In the deepest, darkest, coldest reaches of northern Finland in the winter, the Northern Lights shimmer in the sky like a beautiful, colorful veil hanging from the heavens. On a quiet cold night one can even hear the Northern Lights. It is a faint sound of something sparkling and crackling in the air. The veil moves back and forth, like a curtain in a window being blown by a gentle breeze. On the darkest nights they light up the landscape, and glimmer on the newly fallen snow. It makes the fields look as if they are covered in thousands of diamonds, all shining brilliantly at once. In the far distance you can see the dark outline of the tall pines reaching for the heavens, as if they are trying to touch the very stars themselves. I have stood out at night in awe, listening to the silence, a silence so intense one could hear the whisper of a snowflake falling, and have seen a show more impressive than anything imaginable on this earth. In northern Finland the cold dark winter then gives way to summer sunlight 24 hours a day. The stars and the Northern Lights disappear only to return next season.

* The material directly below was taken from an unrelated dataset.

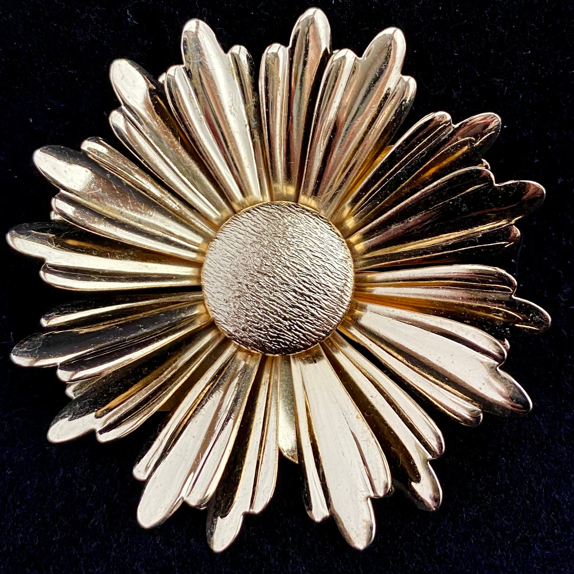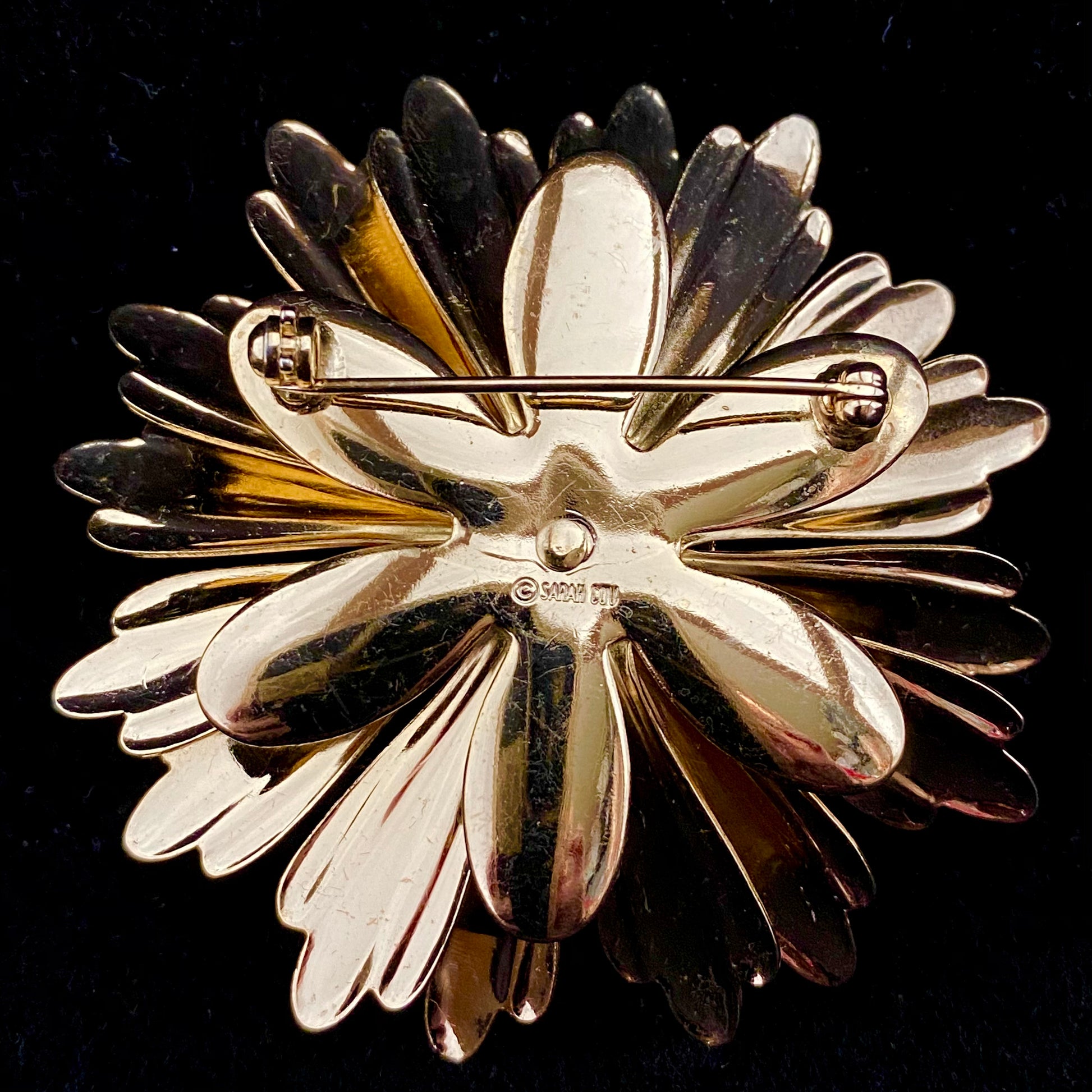 The Sarah Coventry Sunflower brooch was introduced in 1969. This large, but lightweight, brooch features overlapping polished gold-tone petals and a textured disc center. The brooch measures approximately 2½” in diameter. It is signed ©SARAHCOV and is in very good vintage condition*.

The summer season is short, so all that blooms spring forth in a fury of colors as soon as the sun warms the fertile ground. The grass is greener and the flowers more colorful because of the short summer. The berries hurry and come forth on the bushes in abundance, so the birds and animals have something to feed on, and fatten up with, during the short summer months. The sun makes a big circle in the sky, and never even touches the horizon.
Soon enough the northern winds will turn cold, the sun will be seen less and less, and the first snowflakes will fall. But for now the flowers and the berries are content to color the rolling landscape.
This is my land; this is your land; the land of the midnight sun, the land of winter darkness. We need to hold dear to us our own native land, the land we were born on. But there is also that other place, a place we might have not visited or seen, the place we are forever connected to by our ancestors. I will forever have my roots in Finland; I will not be buried there, but my soul will always long to return to the place where it was born.